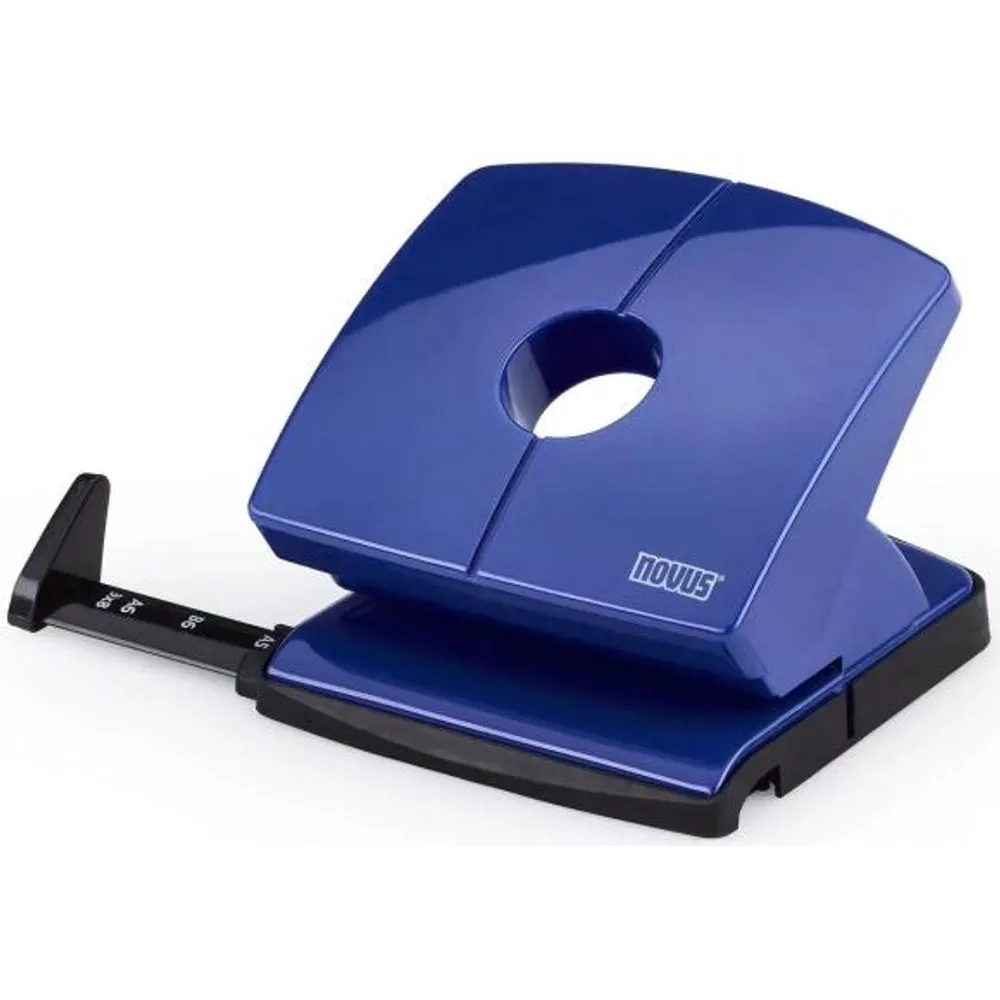 Descrição do Produto Furador de mesa Novus B220 — versão com acabamento azul
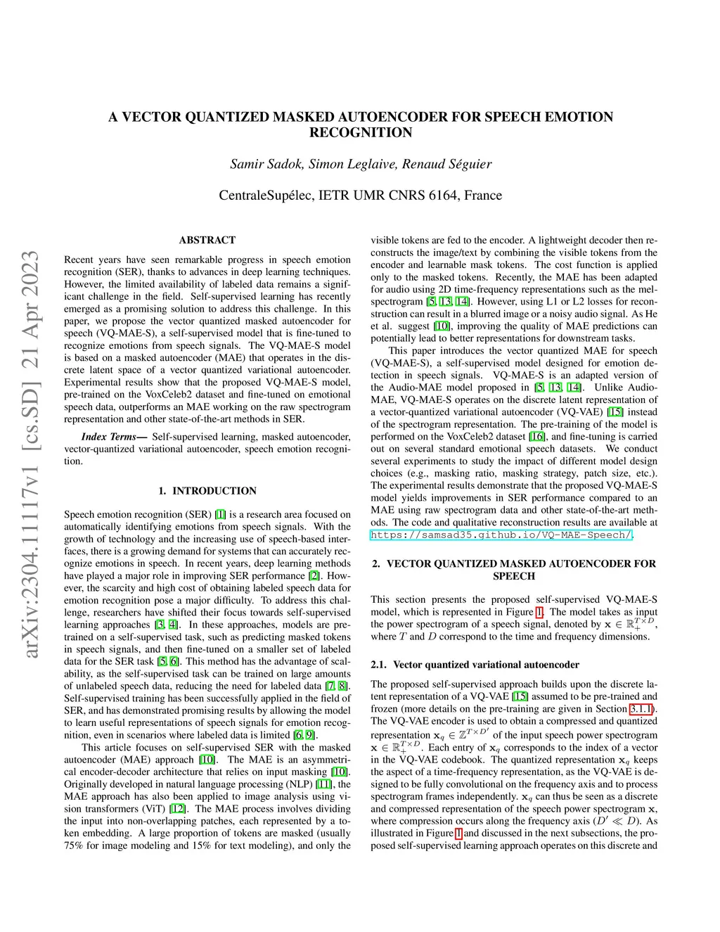 A vector quantized masked autoencoder for speech emotion recognition
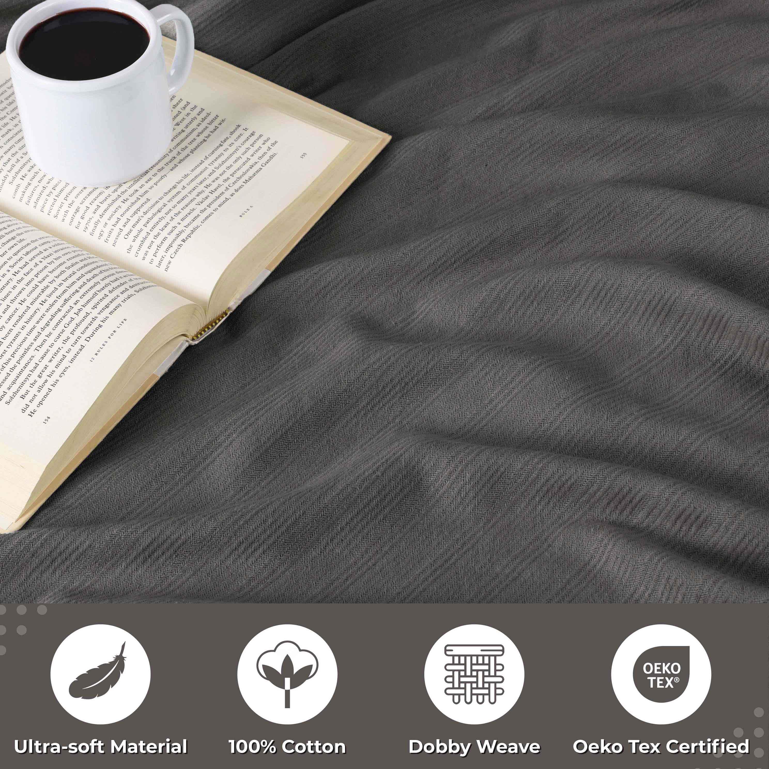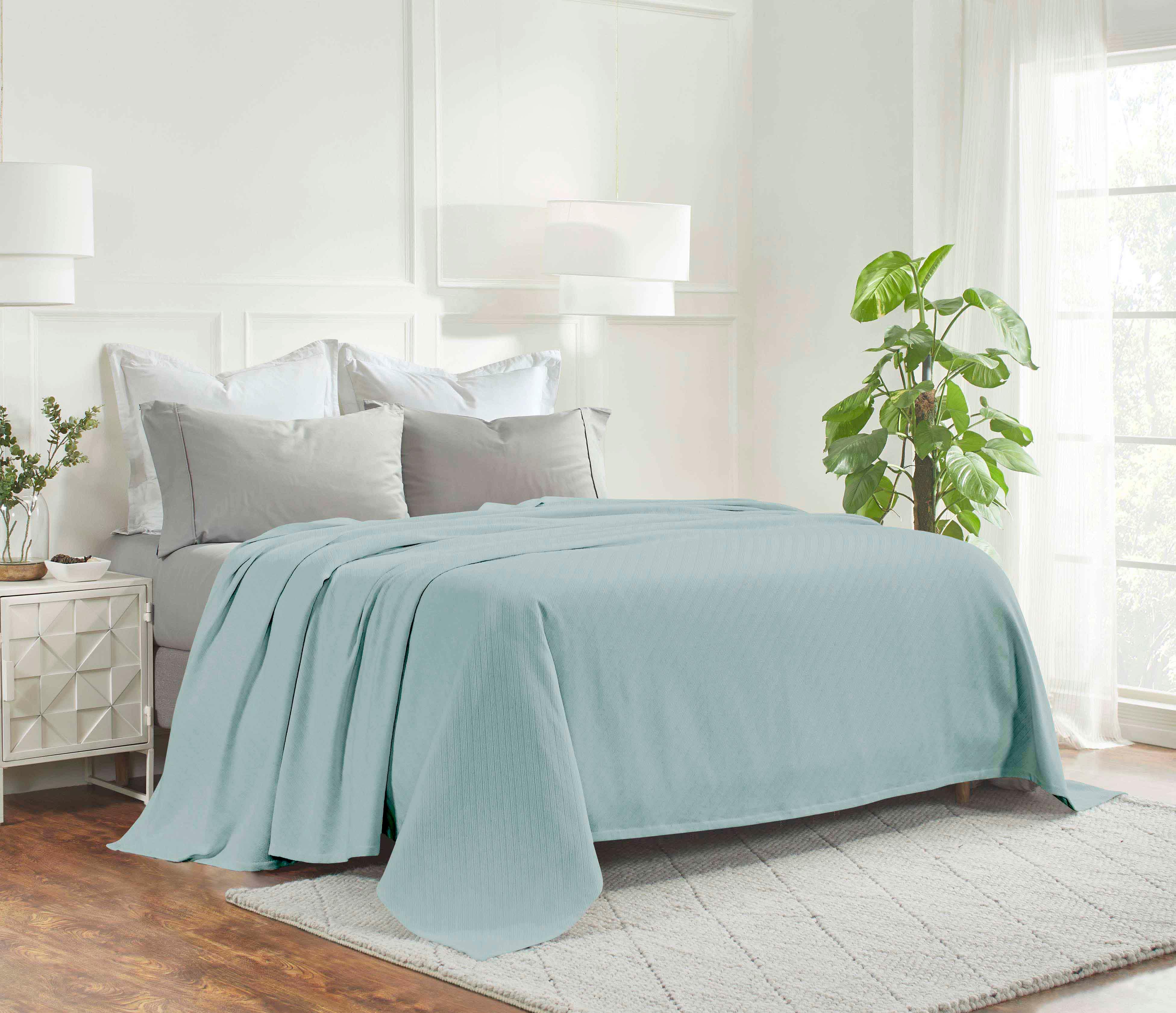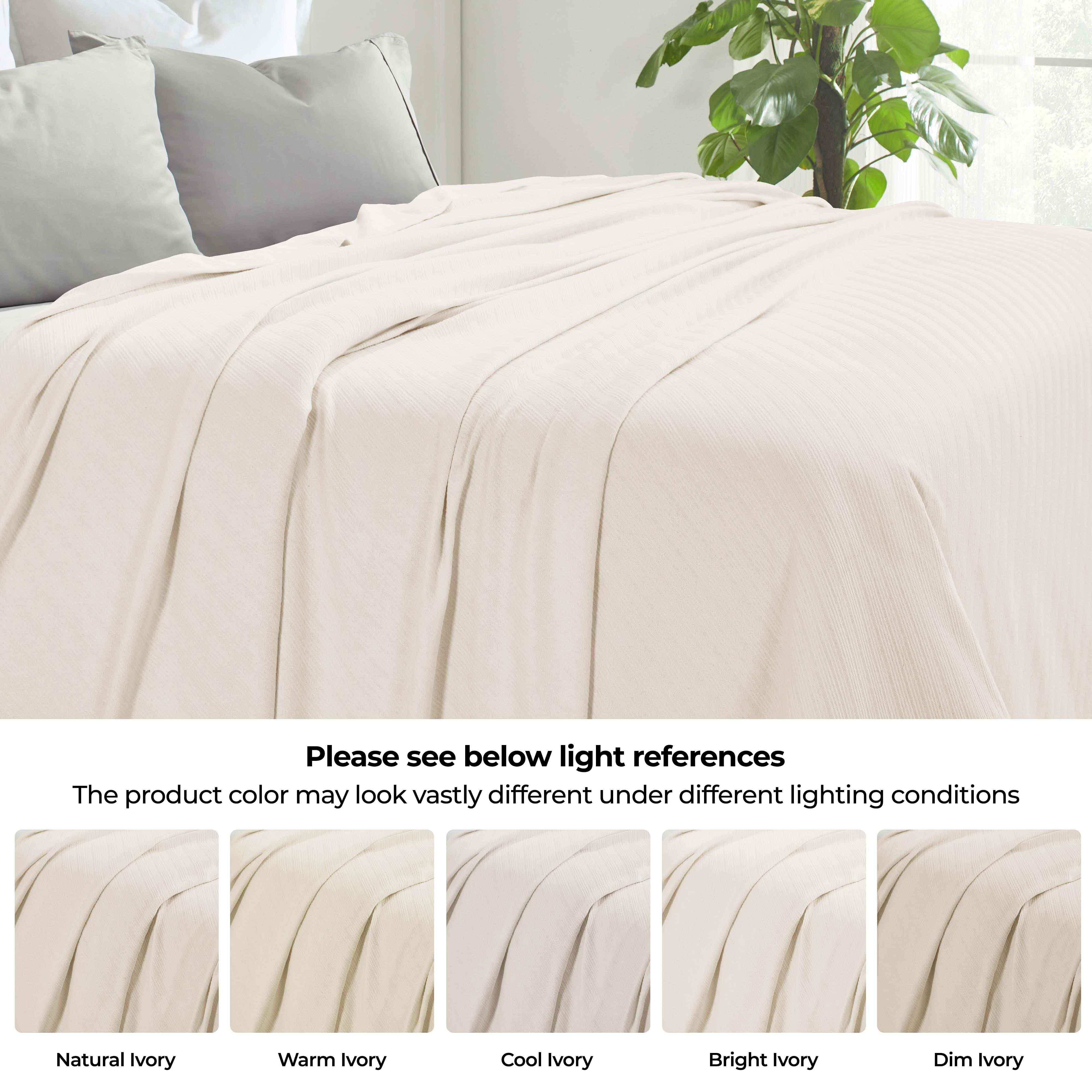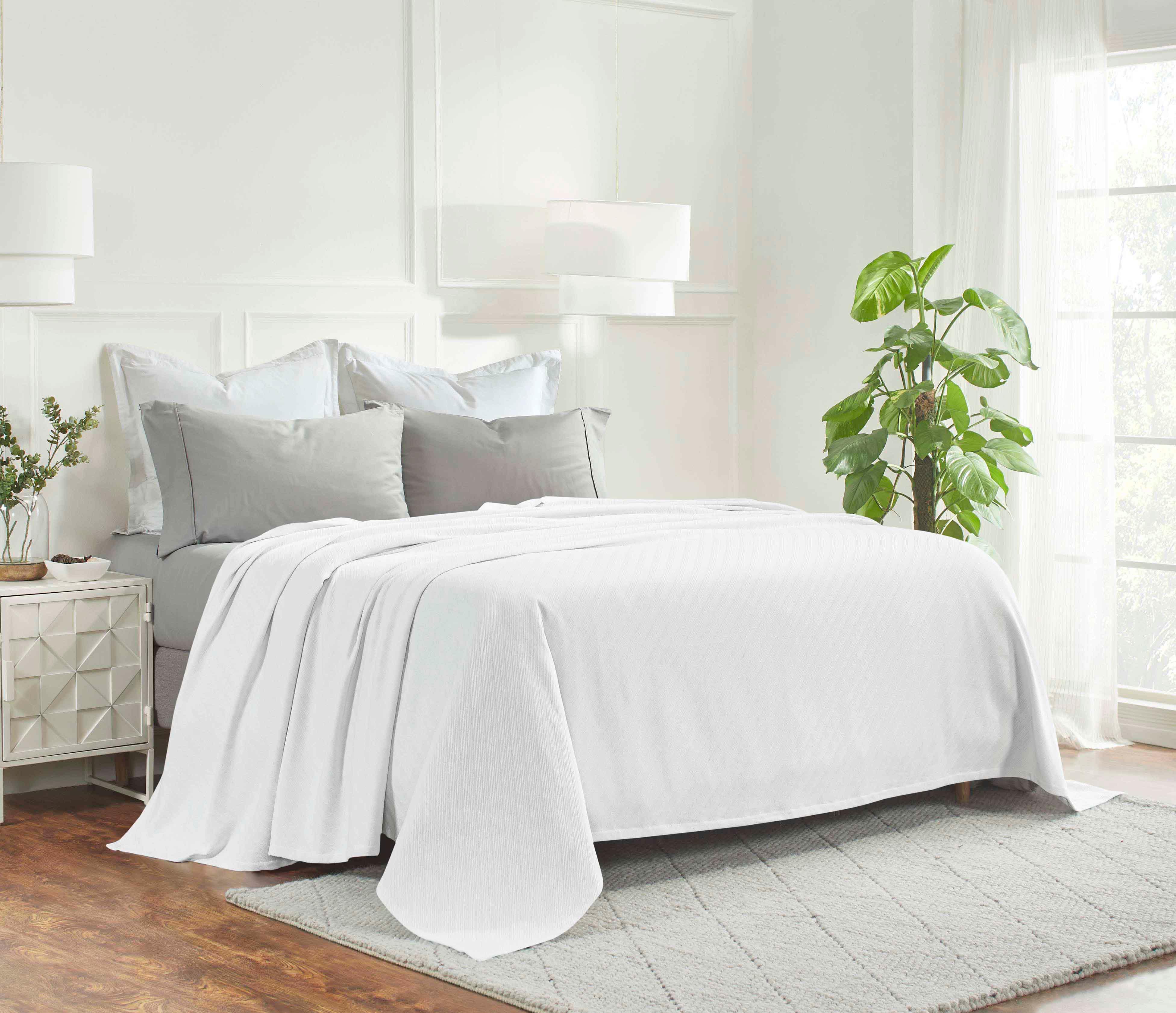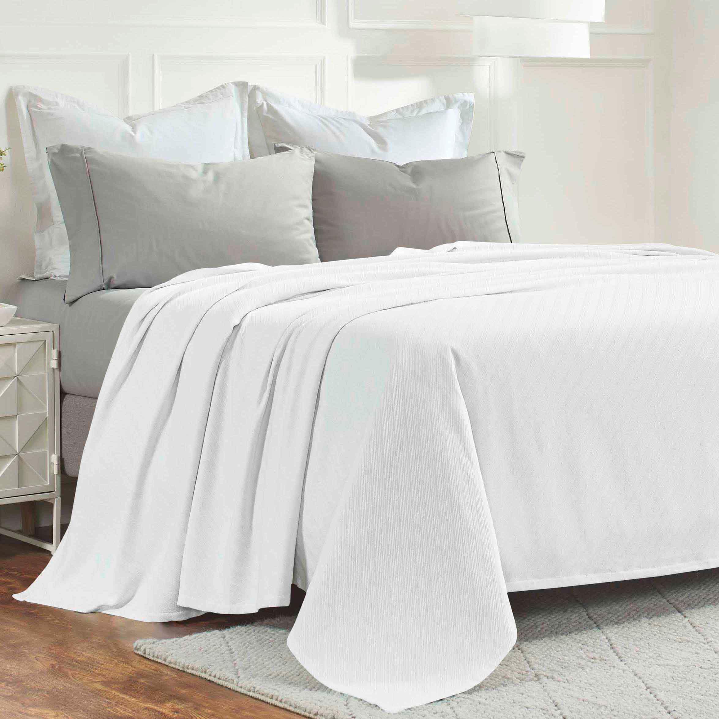 Give your bed or sofa a touch of elegance with our comfy Milan Cotton Blanket. Crafted from naturally soft cotton, this blanket has a luxurious feel and comfortable design. Lightweight and breathable, this bedding essential keeps you cozy and warm while you sleep or lounge. This blanket is available in solid color options with a raised jacquard weave design and diagonally striped pattern to instantly update your decor style. Bring a refreshingly modern look to your favorite space with this eye-catching cotton blanket.
+ + + +
_WORK REQUEST_. The data above should be restated exactly, with its images dropped.

_SOLUTION FOR THIS TASK_.
 Descrição do Produto Furador de mesa Novus B220 — versão com acabamento azul
 A vector quantized masked autoencoder for speech emotion recognition
 Give your bed or sofa a touch of elegance with our comfy Milan Cotton Blanket. Crafted from naturally soft cotton, this blanket has a luxurious feel and comfortable design. Lightweight and breathable, this bedding essential keeps you cozy and warm while you sleep or lounge. This blanket is available in solid color options with a raised jacquard weave design and diagonally striped pattern to instantly update your decor style. Bring a refreshingly modern look to your favorite space with this eye-catching cotton blanket.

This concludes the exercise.